_ACTIVITY:_ Without any pictures, print the lines below from the one that has "than thirty years" through the one that has "Excavation for manhole construction.", exactly and nothing else.

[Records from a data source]
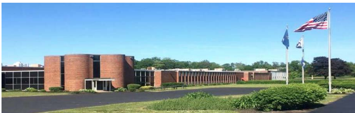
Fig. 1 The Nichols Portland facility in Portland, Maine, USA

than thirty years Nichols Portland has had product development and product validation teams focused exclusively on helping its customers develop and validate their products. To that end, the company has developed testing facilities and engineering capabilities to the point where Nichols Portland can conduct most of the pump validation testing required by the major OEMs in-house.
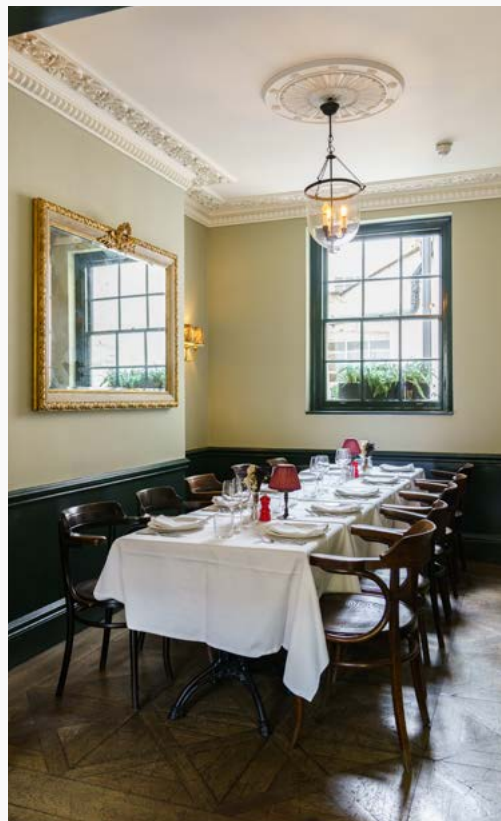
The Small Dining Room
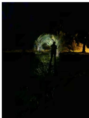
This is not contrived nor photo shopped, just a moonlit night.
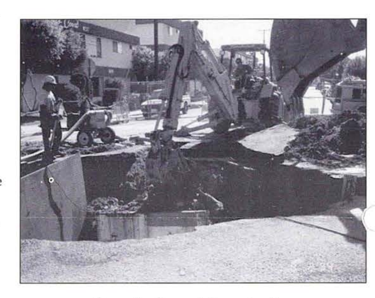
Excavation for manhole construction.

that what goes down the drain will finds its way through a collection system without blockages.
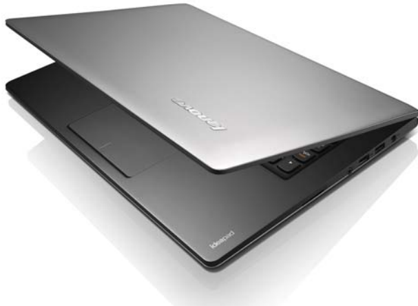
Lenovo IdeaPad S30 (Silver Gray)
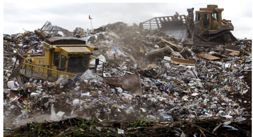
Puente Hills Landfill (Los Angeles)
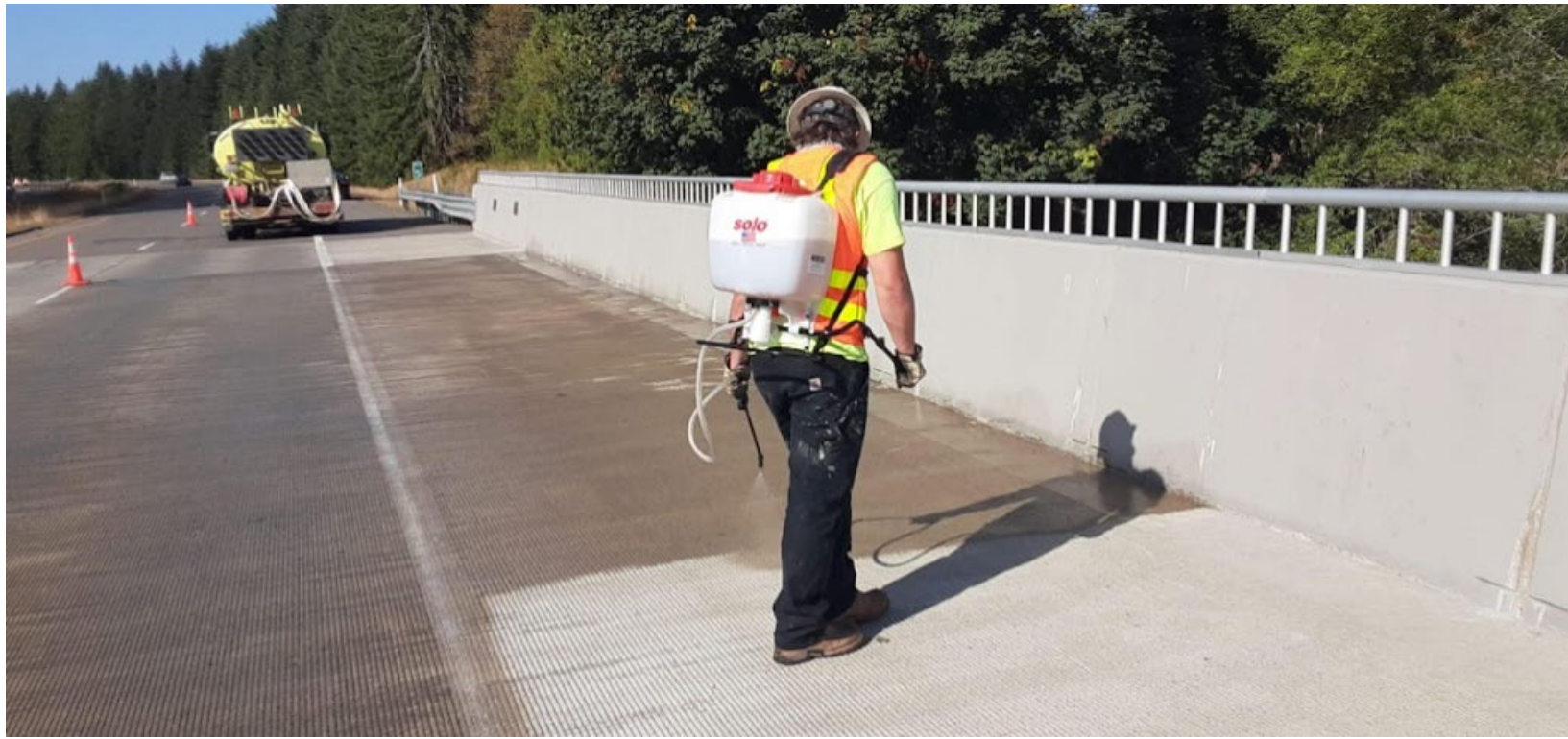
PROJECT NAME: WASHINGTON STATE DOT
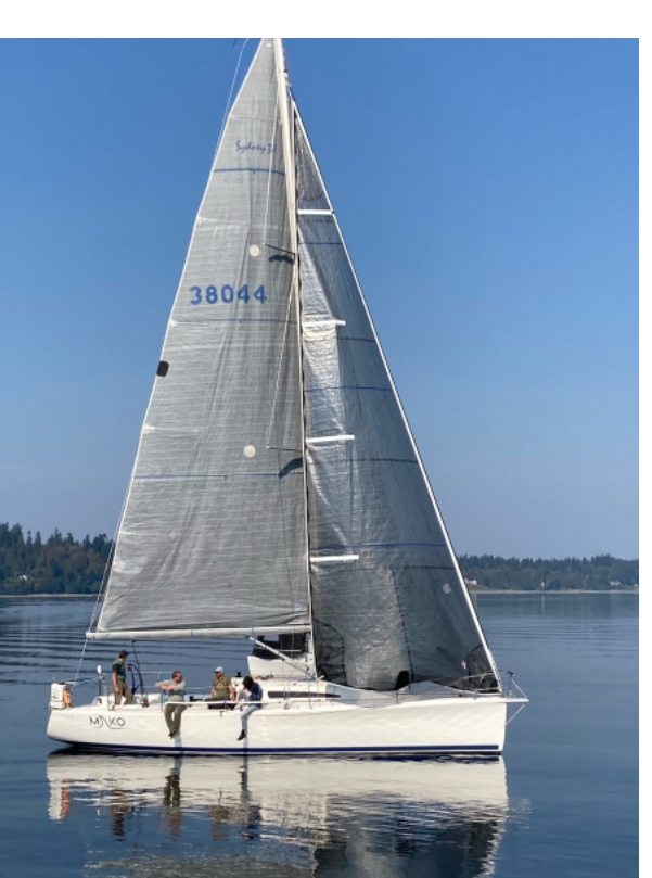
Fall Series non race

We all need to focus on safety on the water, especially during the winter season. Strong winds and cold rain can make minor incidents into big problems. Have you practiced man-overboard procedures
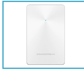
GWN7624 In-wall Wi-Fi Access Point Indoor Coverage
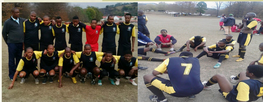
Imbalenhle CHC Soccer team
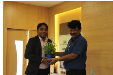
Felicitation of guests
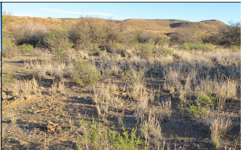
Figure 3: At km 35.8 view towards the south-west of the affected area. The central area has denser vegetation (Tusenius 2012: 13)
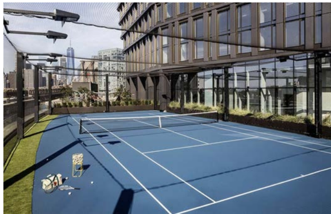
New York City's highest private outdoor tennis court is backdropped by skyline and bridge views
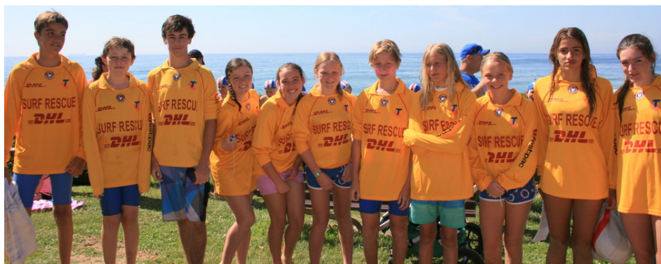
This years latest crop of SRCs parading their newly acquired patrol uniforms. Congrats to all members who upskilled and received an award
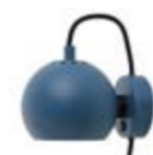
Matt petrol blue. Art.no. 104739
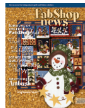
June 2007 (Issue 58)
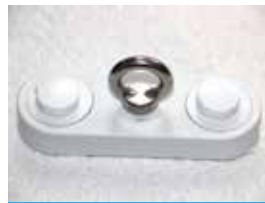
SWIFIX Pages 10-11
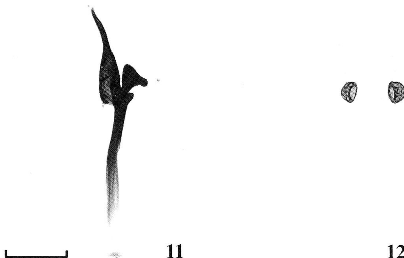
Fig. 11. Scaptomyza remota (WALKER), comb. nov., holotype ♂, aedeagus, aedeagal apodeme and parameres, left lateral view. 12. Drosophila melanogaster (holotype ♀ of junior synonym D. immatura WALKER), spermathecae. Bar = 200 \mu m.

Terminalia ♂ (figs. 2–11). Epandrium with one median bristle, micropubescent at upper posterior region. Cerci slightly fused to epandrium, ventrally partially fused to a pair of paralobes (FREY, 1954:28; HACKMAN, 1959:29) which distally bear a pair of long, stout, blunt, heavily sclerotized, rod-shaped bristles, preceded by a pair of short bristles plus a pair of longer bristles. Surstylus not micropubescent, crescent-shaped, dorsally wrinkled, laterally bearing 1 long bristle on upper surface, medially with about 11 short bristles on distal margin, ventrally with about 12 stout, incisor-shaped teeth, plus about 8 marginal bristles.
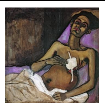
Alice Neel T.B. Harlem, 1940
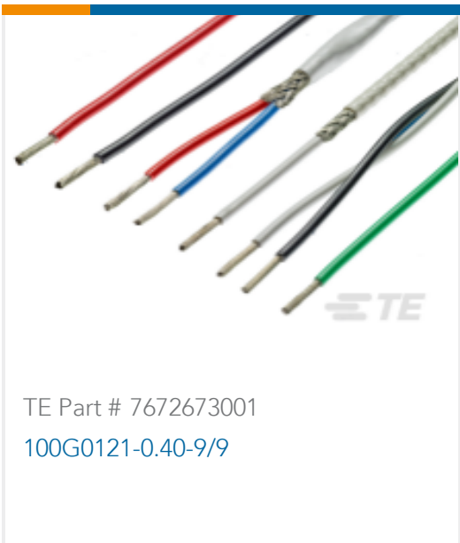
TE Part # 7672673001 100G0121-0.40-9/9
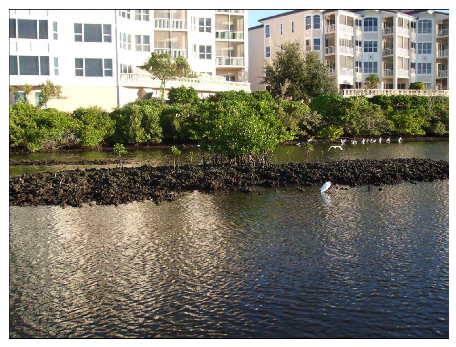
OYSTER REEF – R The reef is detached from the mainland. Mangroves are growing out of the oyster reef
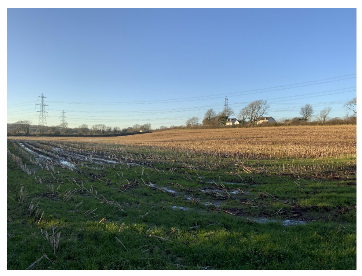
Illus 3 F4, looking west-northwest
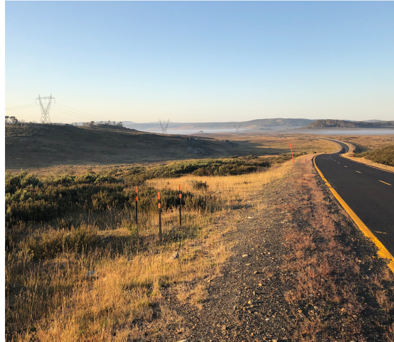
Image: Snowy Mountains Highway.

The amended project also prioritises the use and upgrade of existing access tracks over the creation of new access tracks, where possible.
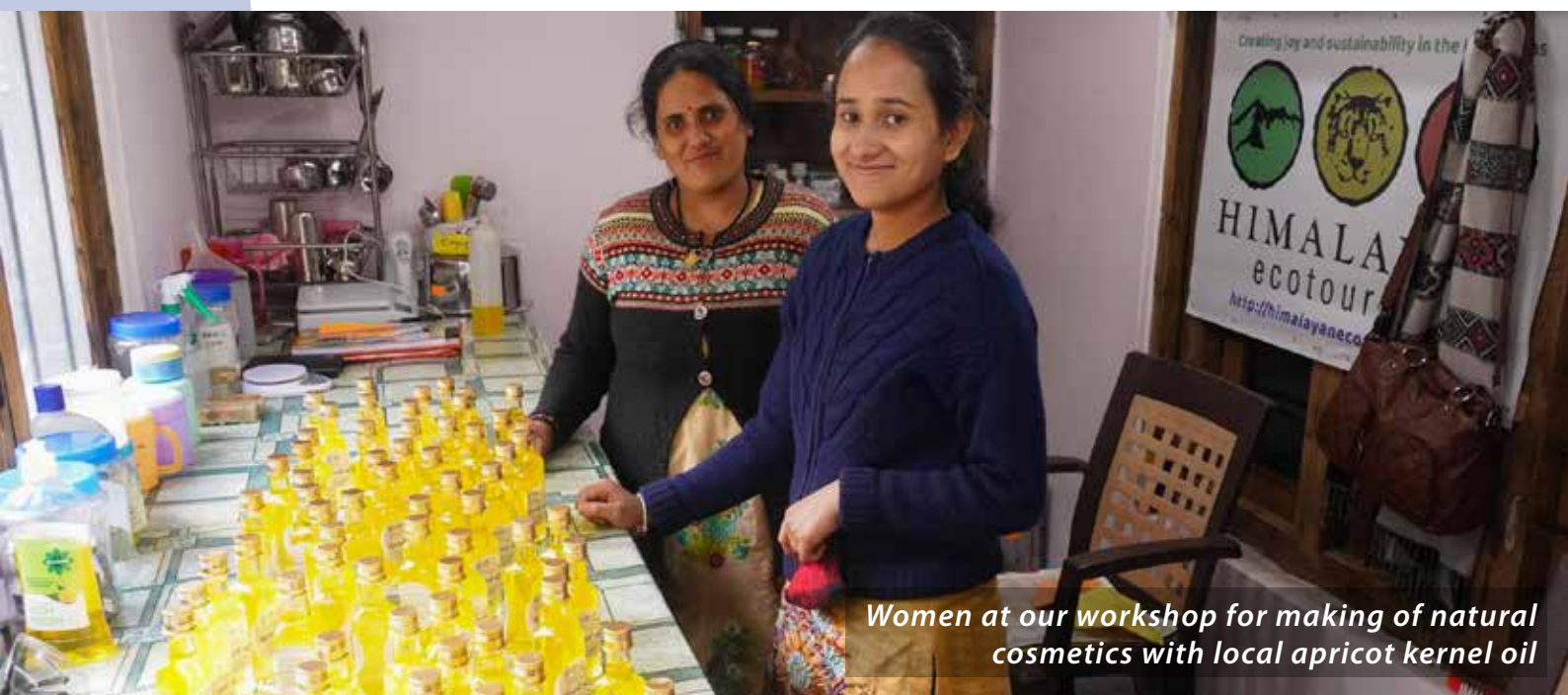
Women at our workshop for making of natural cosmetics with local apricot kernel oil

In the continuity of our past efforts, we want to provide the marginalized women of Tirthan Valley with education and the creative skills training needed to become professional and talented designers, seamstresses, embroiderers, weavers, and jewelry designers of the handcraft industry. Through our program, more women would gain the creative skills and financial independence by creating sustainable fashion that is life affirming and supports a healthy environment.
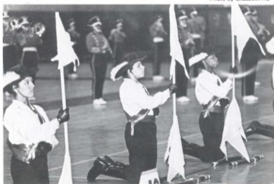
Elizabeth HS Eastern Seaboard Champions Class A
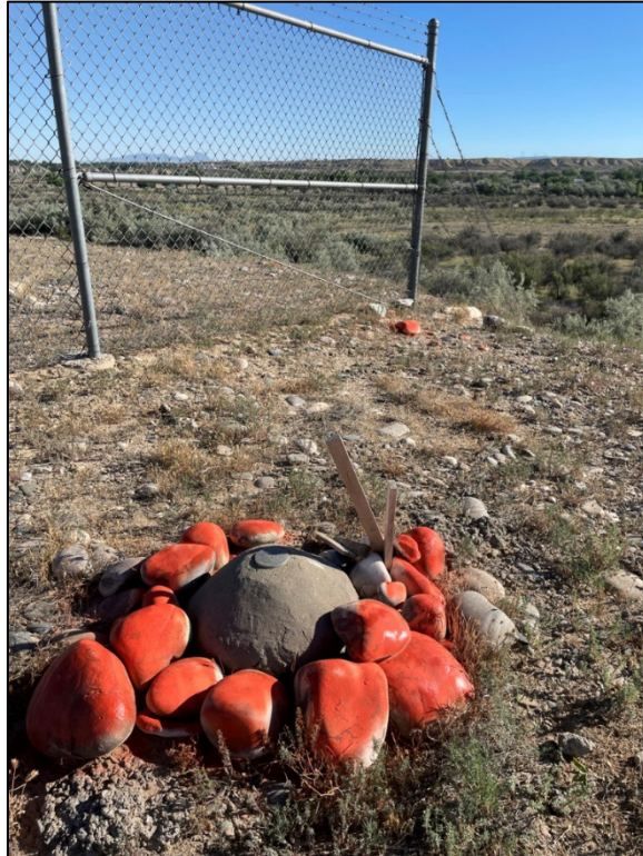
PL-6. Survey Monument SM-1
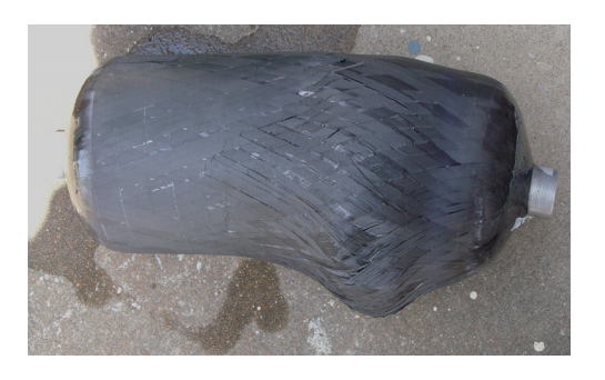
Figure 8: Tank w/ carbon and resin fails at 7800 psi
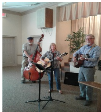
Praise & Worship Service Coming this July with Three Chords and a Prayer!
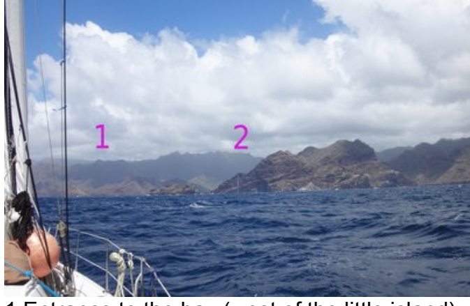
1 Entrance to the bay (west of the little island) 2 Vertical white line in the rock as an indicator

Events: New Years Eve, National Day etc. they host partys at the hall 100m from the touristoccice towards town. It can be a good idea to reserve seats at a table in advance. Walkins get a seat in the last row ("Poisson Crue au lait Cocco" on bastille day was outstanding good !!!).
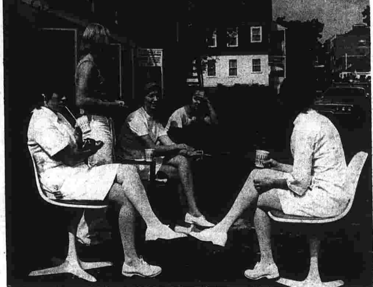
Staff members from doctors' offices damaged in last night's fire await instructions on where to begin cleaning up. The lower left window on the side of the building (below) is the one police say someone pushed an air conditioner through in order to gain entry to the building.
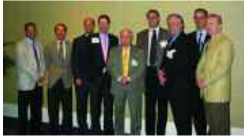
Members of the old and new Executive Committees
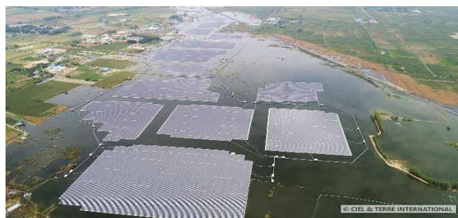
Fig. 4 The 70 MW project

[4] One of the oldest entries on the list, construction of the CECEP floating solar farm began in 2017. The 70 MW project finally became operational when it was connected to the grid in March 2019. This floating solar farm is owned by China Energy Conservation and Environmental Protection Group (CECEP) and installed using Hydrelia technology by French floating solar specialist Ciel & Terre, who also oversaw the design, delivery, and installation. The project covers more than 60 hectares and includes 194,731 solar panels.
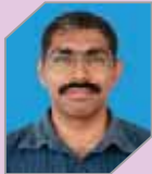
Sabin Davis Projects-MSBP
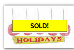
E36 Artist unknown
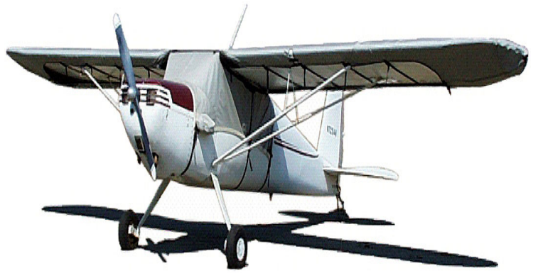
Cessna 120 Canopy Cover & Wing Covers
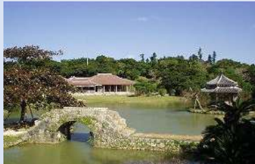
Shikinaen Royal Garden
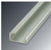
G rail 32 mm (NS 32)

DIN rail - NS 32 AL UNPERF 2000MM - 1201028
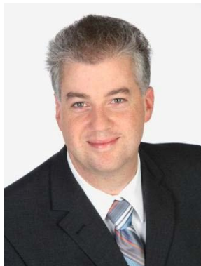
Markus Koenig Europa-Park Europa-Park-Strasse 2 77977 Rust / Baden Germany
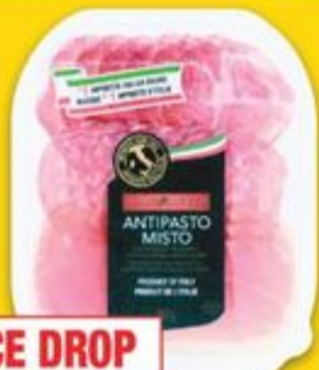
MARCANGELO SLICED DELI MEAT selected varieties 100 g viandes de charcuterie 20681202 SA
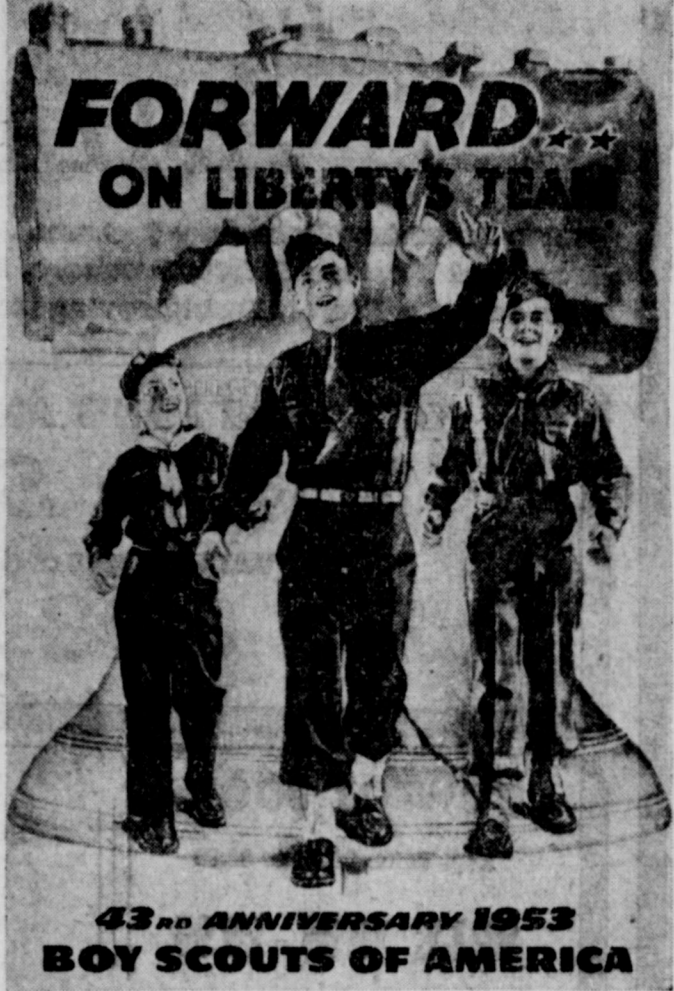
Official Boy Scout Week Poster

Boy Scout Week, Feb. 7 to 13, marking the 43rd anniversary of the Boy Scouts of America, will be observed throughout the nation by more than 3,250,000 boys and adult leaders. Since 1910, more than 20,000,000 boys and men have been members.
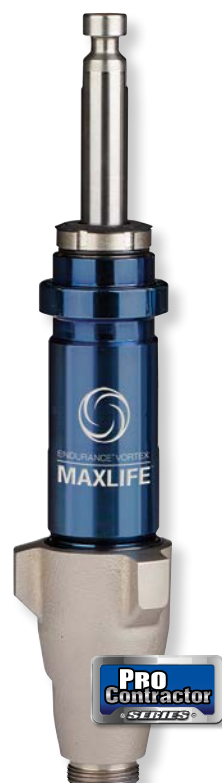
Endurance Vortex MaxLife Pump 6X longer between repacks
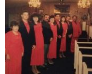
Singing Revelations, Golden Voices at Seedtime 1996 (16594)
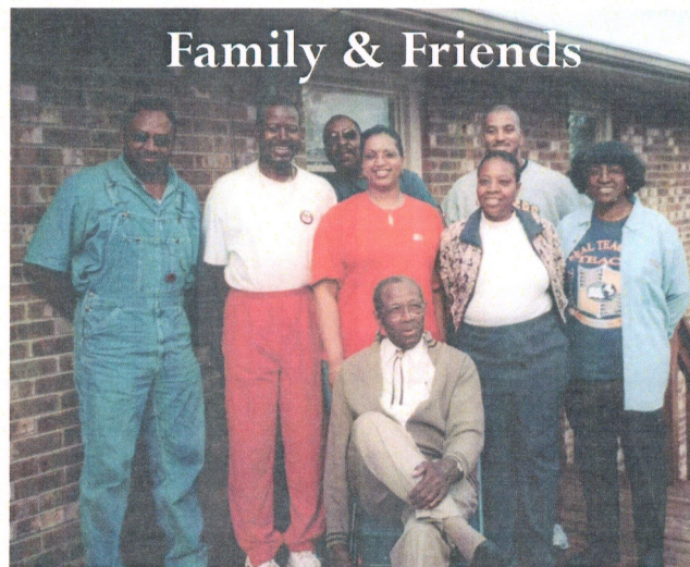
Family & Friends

_ANSWER SECTION:_
than thirty years Nichols Portland has had product development and product validation teams focused exclusively on helping its customers develop and validate their products. To that end, the company has developed testing facilities and engineering capabilities to the point where Nichols Portland can conduct most of the pump validation testing required by the major OEMs in-house.
The Small Dining Room
This is not contrived nor photo shopped, just a moonlit night.
Excavation for manhole construction.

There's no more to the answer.